Task prompt |
Your task is to return the span of lines beginning at the one with "72125075 alte Postkarte" and ending at the last line of the data, exactly as it stands.

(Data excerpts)
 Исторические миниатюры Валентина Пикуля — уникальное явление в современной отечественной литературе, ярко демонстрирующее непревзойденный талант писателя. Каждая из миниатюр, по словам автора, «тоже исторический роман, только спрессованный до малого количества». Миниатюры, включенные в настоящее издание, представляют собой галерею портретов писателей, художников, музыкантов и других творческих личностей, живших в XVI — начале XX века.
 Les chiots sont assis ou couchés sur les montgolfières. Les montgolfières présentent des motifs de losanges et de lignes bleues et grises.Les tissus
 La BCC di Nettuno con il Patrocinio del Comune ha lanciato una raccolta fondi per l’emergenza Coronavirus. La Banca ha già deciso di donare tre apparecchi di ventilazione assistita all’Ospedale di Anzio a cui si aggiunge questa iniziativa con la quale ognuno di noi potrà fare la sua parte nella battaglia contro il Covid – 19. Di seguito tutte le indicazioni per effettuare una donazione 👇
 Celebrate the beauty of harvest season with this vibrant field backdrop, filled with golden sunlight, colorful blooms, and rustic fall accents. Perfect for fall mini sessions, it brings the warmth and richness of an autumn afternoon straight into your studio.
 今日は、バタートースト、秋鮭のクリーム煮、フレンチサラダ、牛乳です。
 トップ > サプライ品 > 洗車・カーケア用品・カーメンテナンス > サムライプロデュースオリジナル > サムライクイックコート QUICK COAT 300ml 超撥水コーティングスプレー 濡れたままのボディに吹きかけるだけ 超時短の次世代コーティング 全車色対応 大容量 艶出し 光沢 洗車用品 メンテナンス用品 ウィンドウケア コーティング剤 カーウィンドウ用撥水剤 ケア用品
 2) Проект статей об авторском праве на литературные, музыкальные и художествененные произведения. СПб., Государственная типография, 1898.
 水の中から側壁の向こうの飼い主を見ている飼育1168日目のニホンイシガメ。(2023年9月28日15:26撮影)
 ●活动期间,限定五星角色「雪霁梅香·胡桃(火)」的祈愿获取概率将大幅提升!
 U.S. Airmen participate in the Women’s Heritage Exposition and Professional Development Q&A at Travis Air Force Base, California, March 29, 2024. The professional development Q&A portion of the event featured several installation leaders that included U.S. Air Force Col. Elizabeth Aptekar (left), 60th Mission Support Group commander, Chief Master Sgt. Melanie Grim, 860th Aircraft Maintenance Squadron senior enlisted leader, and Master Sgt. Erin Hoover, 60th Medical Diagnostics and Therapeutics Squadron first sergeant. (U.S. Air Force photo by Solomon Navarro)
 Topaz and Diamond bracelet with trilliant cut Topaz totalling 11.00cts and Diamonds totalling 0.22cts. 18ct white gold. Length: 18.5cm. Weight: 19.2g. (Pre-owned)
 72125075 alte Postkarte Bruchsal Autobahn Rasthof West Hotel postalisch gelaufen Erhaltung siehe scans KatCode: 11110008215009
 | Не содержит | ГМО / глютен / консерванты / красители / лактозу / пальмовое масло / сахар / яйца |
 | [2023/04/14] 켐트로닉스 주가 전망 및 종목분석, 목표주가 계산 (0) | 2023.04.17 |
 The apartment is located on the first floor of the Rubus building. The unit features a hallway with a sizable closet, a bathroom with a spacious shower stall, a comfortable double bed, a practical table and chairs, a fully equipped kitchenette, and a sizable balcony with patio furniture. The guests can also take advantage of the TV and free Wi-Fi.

Exercise answer |
 72125075 alte Postkarte Bruchsal Autobahn Rasthof West Hotel postalisch gelaufen Erhaltung siehe scans KatCode: 11110008215009
 | Не содержит | ГМО / глютен / консерванты / красители / лактозу / пальмовое масло / сахар / яйца |
 | [2023/04/14] 켐트로닉스 주가 전망 및 종목분석, 목표주가 계산 (0) | 2023.04.17 |
 The apartment is located on the first floor of the Rubus building. The unit features a hallway with a sizable closet, a bathroom with a spacious shower stall, a comfortable double bed, a practical table and chairs, a fully equipped kitchenette, and a sizable balcony with patio furniture. The guests can also take advantage of the TV and free Wi-Fi.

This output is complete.